_PROBLEM STATEMENT:_ The lines from the one holding "Stwórz wyrazisty look" to the final line of the listing below are to be duplicated exactly, with both ends included and pictures omitted.

_PROVIDED DATA:_
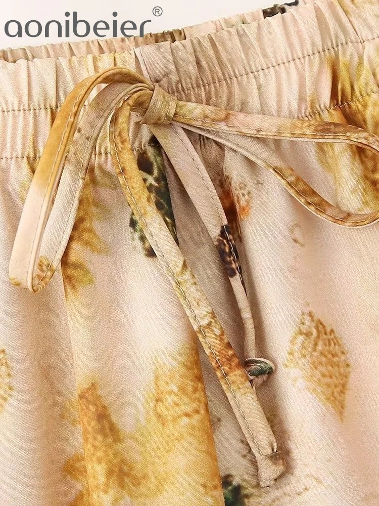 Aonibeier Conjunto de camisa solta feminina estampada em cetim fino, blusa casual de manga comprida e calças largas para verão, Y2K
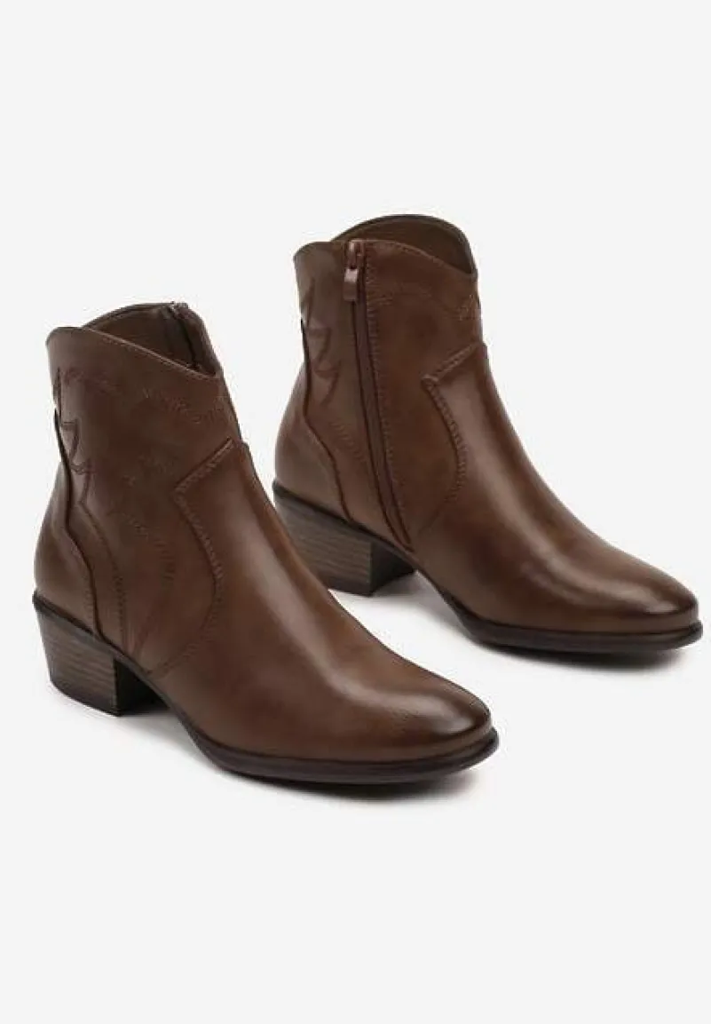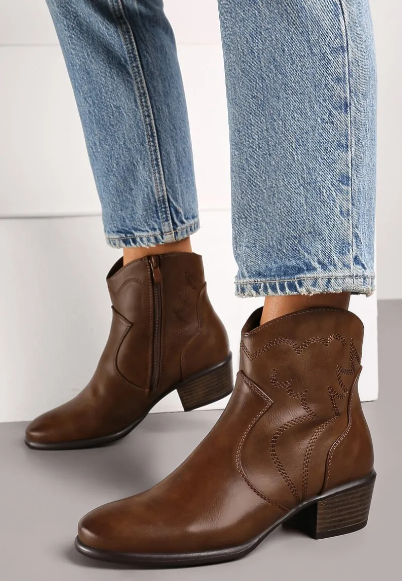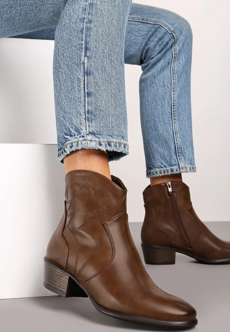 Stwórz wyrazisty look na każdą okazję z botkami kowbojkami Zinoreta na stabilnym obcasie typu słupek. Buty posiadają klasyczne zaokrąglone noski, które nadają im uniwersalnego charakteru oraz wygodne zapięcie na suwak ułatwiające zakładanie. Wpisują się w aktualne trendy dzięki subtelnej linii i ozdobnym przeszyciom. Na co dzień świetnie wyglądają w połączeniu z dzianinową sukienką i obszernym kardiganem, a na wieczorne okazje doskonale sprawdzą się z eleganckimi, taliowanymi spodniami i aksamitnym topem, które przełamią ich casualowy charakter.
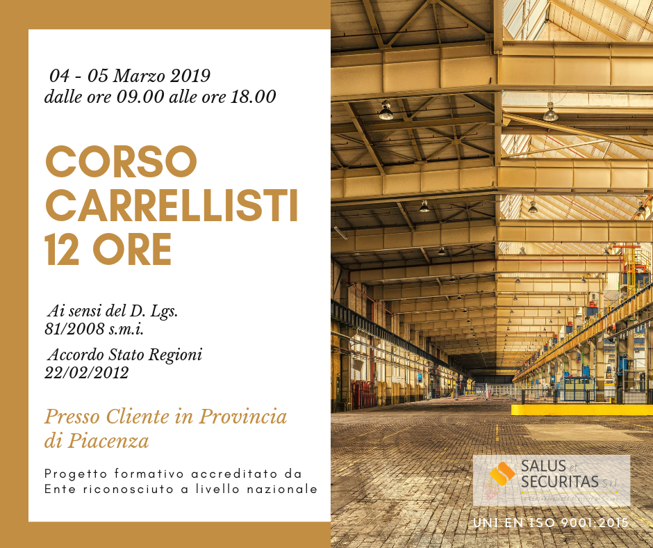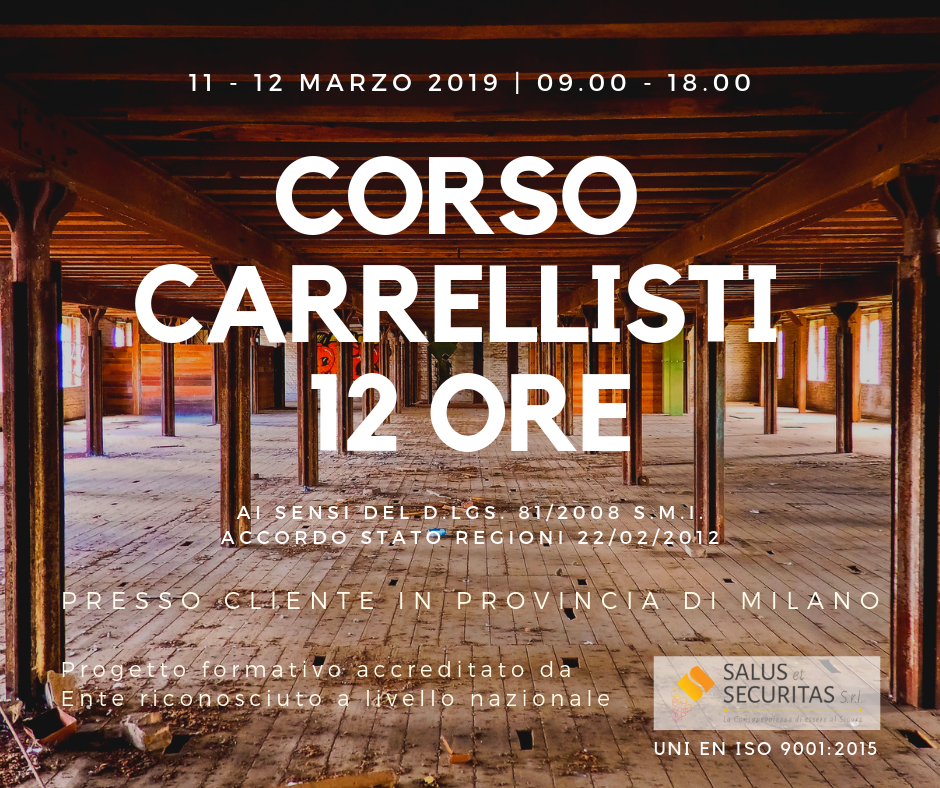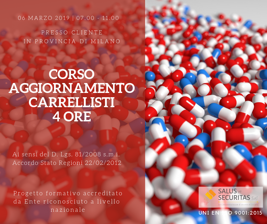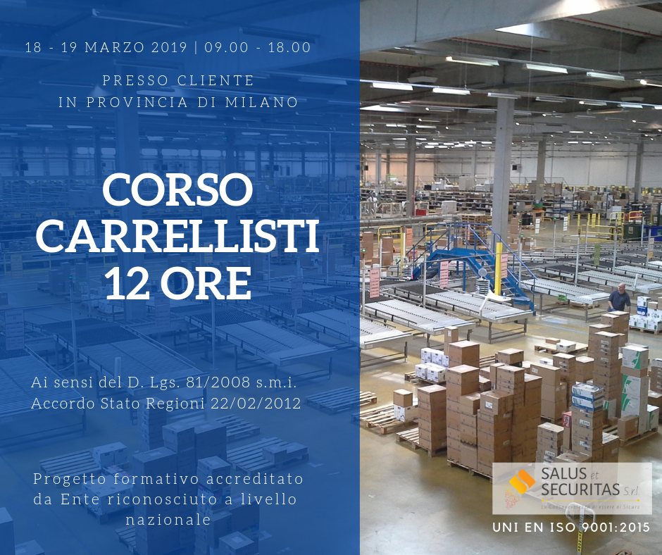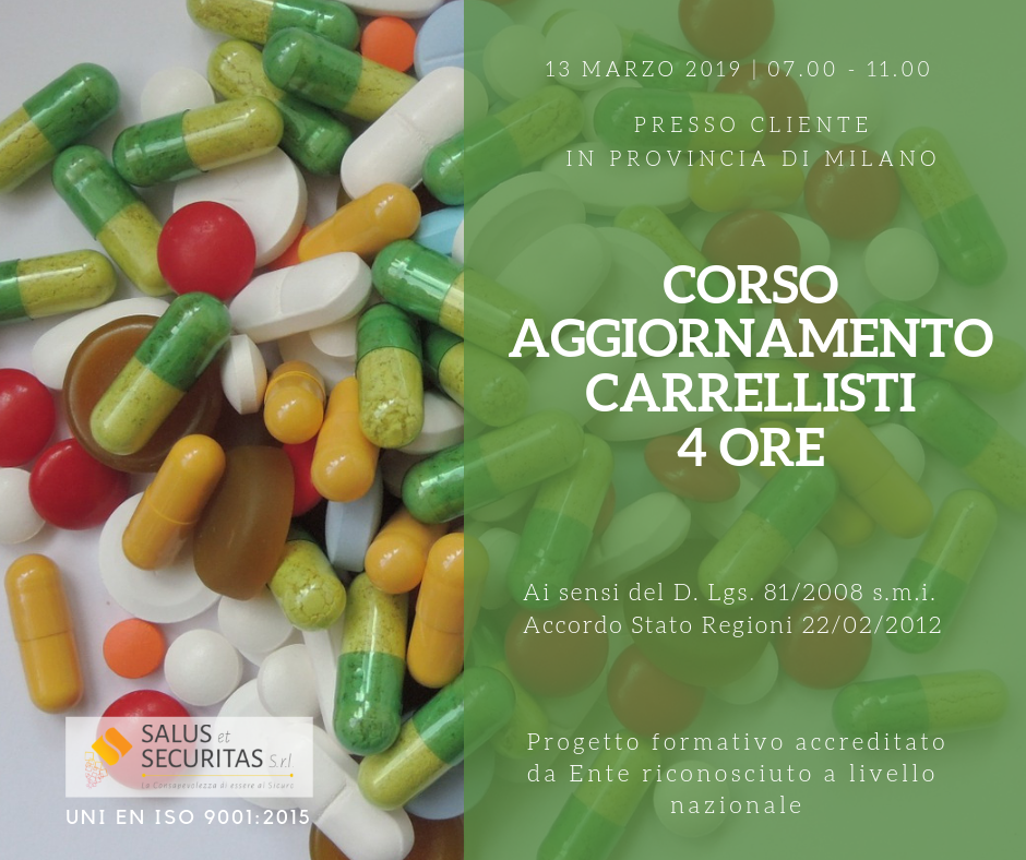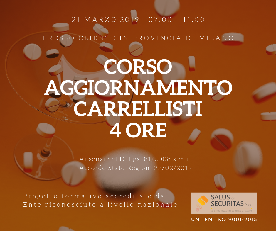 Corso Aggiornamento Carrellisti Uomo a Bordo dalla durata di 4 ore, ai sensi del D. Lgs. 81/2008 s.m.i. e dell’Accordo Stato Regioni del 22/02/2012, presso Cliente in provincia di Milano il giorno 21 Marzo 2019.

_ANSWER SECTION:_
 Stwórz wyrazisty look na każdą okazję z botkami kowbojkami Zinoreta na stabilnym obcasie typu słupek. Buty posiadają klasyczne zaokrąglone noski, które nadają im uniwersalnego charakteru oraz wygodne zapięcie na suwak ułatwiające zakładanie. Wpisują się w aktualne trendy dzięki subtelnej linii i ozdobnym przeszyciom. Na co dzień świetnie wyglądają w połączeniu z dzianinową sukienką i obszernym kardiganem, a na wieczorne okazje doskonale sprawdzą się z eleganckimi, taliowanymi spodniami i aksamitnym topem, które przełamią ich casualowy charakter.
 Corso Aggiornamento Carrellisti Uomo a Bordo dalla durata di 4 ore, ai sensi del D. Lgs. 81/2008 s.m.i. e dell’Accordo Stato Regioni del 22/02/2012, presso Cliente in provincia di Milano il giorno 21 Marzo 2019.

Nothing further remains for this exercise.